Still, that would pale in comparison to the number of vehicles potentially owned among the 9.4 million drivers and couriers globally on the Uber platform.
An Uber spokesperson did not respond to a request for comment.
Robotaxi markets are seeing more riders
Publicly available robotaxis are limited to a handful of cities, but in areas where active AVs are present, both CEOs reported that overall demand is growing faster than in areas withoutself-driving taxis.
“In markets where AVs operate, rideshare is growing faster than — and I’m talking about comparable apples-to-apples markets — than markets where AVs are not operating,” Risher said.
There are a lot of reasons that demand could be growing where robotaxis are active.
Robotaxis are still a novel technology for most people. In San Francisco, Waymos have become a tourist attraction.
There’s also potential for complementary effects, such as human drivers taking care of longer trips. In addition, they could be making other vehicles more available since robotaxis operate 24/7.
“Early results indicate that AV rides expand total market demand and, ultimately, help reduce reliance on personal vehicle rides across a massively under-penetrated transportation market,” CJ Macklin, a Lyft spokesperson, told Business Insider.

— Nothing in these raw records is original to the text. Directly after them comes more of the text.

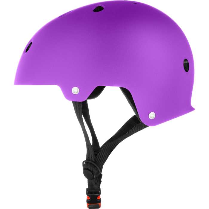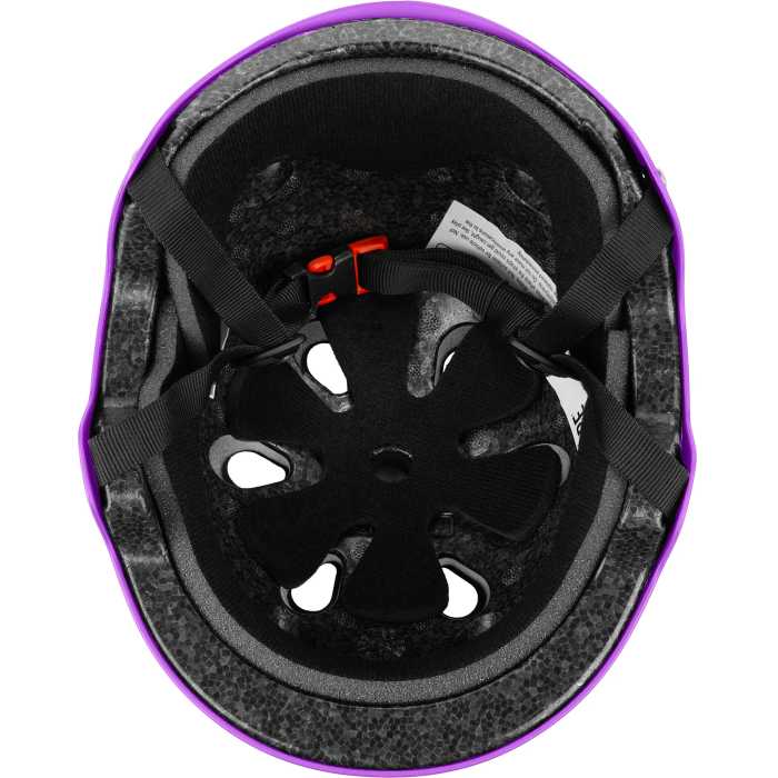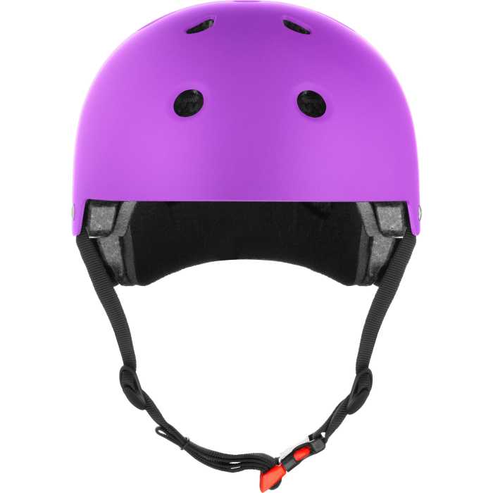 A 3-point durable nylon strap with size adjustable chin straps has a red safety buckle and coupes with the classic low profile skate helmet design for a secure fit.
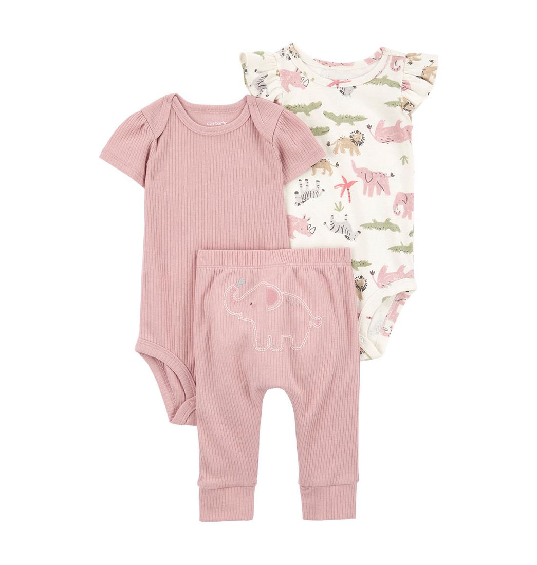 Set 2 Bodies Surtidos y Pantalón Rosa Bebés Niñas - Carter's
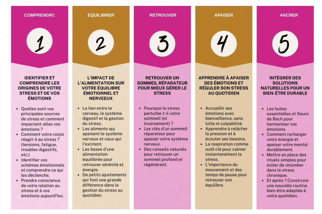 Le programme repose sur une approche globale combinant naturopathie, réflexologie, techniques de relaxation et gestion émotionnelle. Vous découvrirez des outils issus de la respiration, de la méditation, de réflexologie, de l’EFT (Emotional Freedom Technique) ainsi que des conseils en hygiène de vie et en équilibre alimentaire pour apaiser votre système nerveux. Tout est adapté à votre rythme et à vos besoins spécifiques.

Khosrowshahi highlighted the need to build a fleetof robotaxis, which he said will be funded in part through the margins seen from Uber’s existing premium services.
In addition, Uber’s partnership with Nvidia, in which Uber will provide driving data to train the chipmaker’s autonomous AI models, envisions a future where any OEM car will be robotaxi-ready. Khosrowshahi said this will be beneficial to Uber if owners decide to contribute their cars to the platform.
Risher pointed to the operational investments required to keep robotaxis available for customers. For Lyft’s partnership with Waymo in Nashville, customers will be able to hail a robotaxi on both Waymo’s proprietary app and the Lyft app.
However, Lyft will oversee the maintenance of all Waymo robotaxis through its subsidiary, Flexdrive. The company invested in a depot that could cost between $10 and $15 million for that operation, Lyft’s Chief Financial Officer, Erin Brewer, said during the latest earnings call.
Risher said that the partnership structure will allow robotaxis to be “accretive” from the start.
“With Waymo’s utilization of services provided by Flexdrive and the anticipated increase in overall ride volume on both networks, we expect the unit economics will be accretive,” Macklin, the Lyft spokesperson, said.
Overall profitability, however, may take some time.
“AV is not profitable,” Khosrowshahi said. “And any new product that we introduce into the marketplace starts off in a position where we’re losing money and we’re unprofitable.”